Cramer is usually given credit for the result that \(\frac{n^2+3n}{2}\) points generally determine a curve of degree \(n,\) because he gave a proof of it, using the counting argument on the preceding page, in Chapter 3 of his book *Introduction a l'analyse des lignes courbes algébriques* (*Introduction to the Analysis of Curved Algebraic Lines*) [Cramer 1750], which was widely read in the second half of the 18th century. Euler proved the same thing in a paper published in the same year [Euler 1750a], but the result had actually been published much earlier by Maclaurin [Maclaurin 1720].

To determine a curve of degree \(n,\) it is *usually* enough to know \(\varphi_n = \frac{n^2+3n}{2}\) points that lie on the curve. These will give rise to a homogeneous system of \(\varphi_n\) equations in \(\varphi_n + 1\) unknowns. As long as the rank of this system is \(\varphi_n,\) then the \(\varphi_n + 1\) coefficients of the polynomial equation will be determined, up to a scalar multiple. However, as Euler's example indicates, the linear equations may not be linearly independent for every possible set of \(\varphi_n\) points on the curve. In particular, a conic should be determined by \(\varphi_2=5\) of its points, but not when 4 or 5 of the points lie on the same line.

Let's consider the case of the cubic equation, i.e. the polynomial equation of degree 3. In [Euler 1750a], Euler wrote the general cubic equation as

\[\alpha x^3 + \beta x^2y + \gamma xy^2 + \delta y^3 + \varepsilon x^2 + \zeta xy + \eta y^2 + \theta x + \iota y + \kappa = 0.\]

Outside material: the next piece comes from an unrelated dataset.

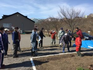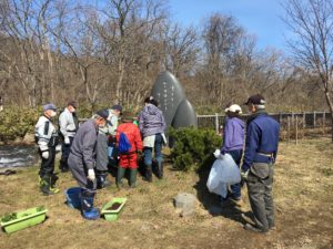 4月10日(土)午前9時より、朝里川遊歩道と百想園の冬囲い外し作業を行いました。前日は季節外れの雪で寒さが戻っていましたが、この日は快晴で風もなく、作業には快適な好日となりました。朝里のまちづくりの会員16名が集まり、黙々と作業を進め、すべての雪囲い外しと、遊歩道にベンチの設置を終えました。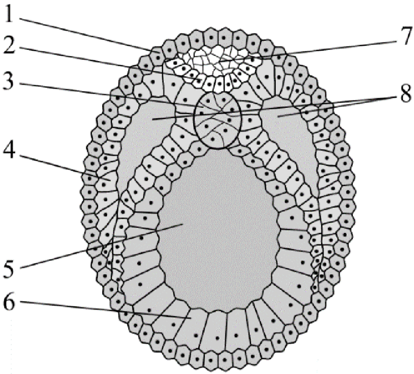 Установите соответствие между характеристиками и структурами эмбриона, обозначенными цифрами на рисунке: к каждой позиции, данной в первом столбце, подберите соответствующую позицию из второго столбца.

If we now substitute \((x_1,y_1),\) \((x_2,y_2),\) …, \((x_9,y_9),\) we have a system of 9 equations in the 10 unknowns \(\alpha,\) \(\beta,\) …, \(\kappa,\) represented by the following augmented matrix:\[\left[\begin{array}{rrrrrrrrrrr} x_1^3 & x_1^2y_1 & x_1y_1^2 & y_1^3 & x_1^2 & x_1y_1 & y_1^2 & x_1 & y_1 & 1 & 0 \\ x_2^3 & x_2^2y_2 & x_2y_2^2 & y_2^3 & x_2^2 & x_2y_2 & y_2^2 & x_2 & y_2 & 1 & 0 \\ x_3^3 & x_3^2y_3 & x_3y_3^2 & y_3^3 & x_3^2 & x_3y_3 & y_3^2 & x_3 & y_3 & 1 & 0 \\ x_4^3 & x_4^2y_4 & x_4y_4^2 & y_4^3 & x_4^2 & x_4y_4 & y_4^2 & x_4 & y_4 & 1 & 0 \\ x_5^3 & x_5^2y_5 & x_5y_5^2 & y_5^3 & x_5^2 & x_5y_5 & y_5^2 & x_5 & y_5 & 1 & 0 \\ x_6^3 & x_6^2y_6 & x_6y_6^2 & y_6^3 & x_6^2 & x_6y_6 & y_6^2 & x_6 & y_6 & 1 & 0 \\ x_7^3 & x_7^2y_7 & x_7y_7^2 & y_7^3 & x_7^2 & x_7y_7 & y_7^2 & x_7 & y_7 & 1 & 0 \\ x_8^3 & x_8^2y_8 & x_8y_8^2 & y_8^3 & x_8^2 & x_8y_8 & y_8^2 & x_8 & y_8 & 1 & 0 \\ x_9^3 & x_9^2y_9 & x_9y_9^2 & y_9^3 & x_9^2 & x_9y_9 & y_9^2 & x_9 & y_9 & 1 & 0\end{array}\right].\]

For example, the entries in the second column are the numbers \(x_i^2y_i,\) because the second unknown coefficient (\(\beta\)) is the coefficient of \(x^2y.\)

Suppose that we apply elementary operations to put this matrix into a reduced row-echelon form. If the rank of the system is 9, then there will be infinitely many solutions depending on one parameter, say \(t.\) Because the system is homogeneous, we will always be able to solve for the non-zero coefficients as multiples of \(t.\) This will give us a unique solution of the general cubic equation \[\alpha x^3 + \beta x^2y + \gamma xy^2 + \delta y^3 + \varepsilon x^2 + \zeta xy + \eta y^2 + \theta x + \iota y + \kappa = 0\] up to an arbitrary factor \(t\) on the left-hand side. However, if the rank of the system is less than 9, then the general cubic equation will not be determined up to scalar multiplicity.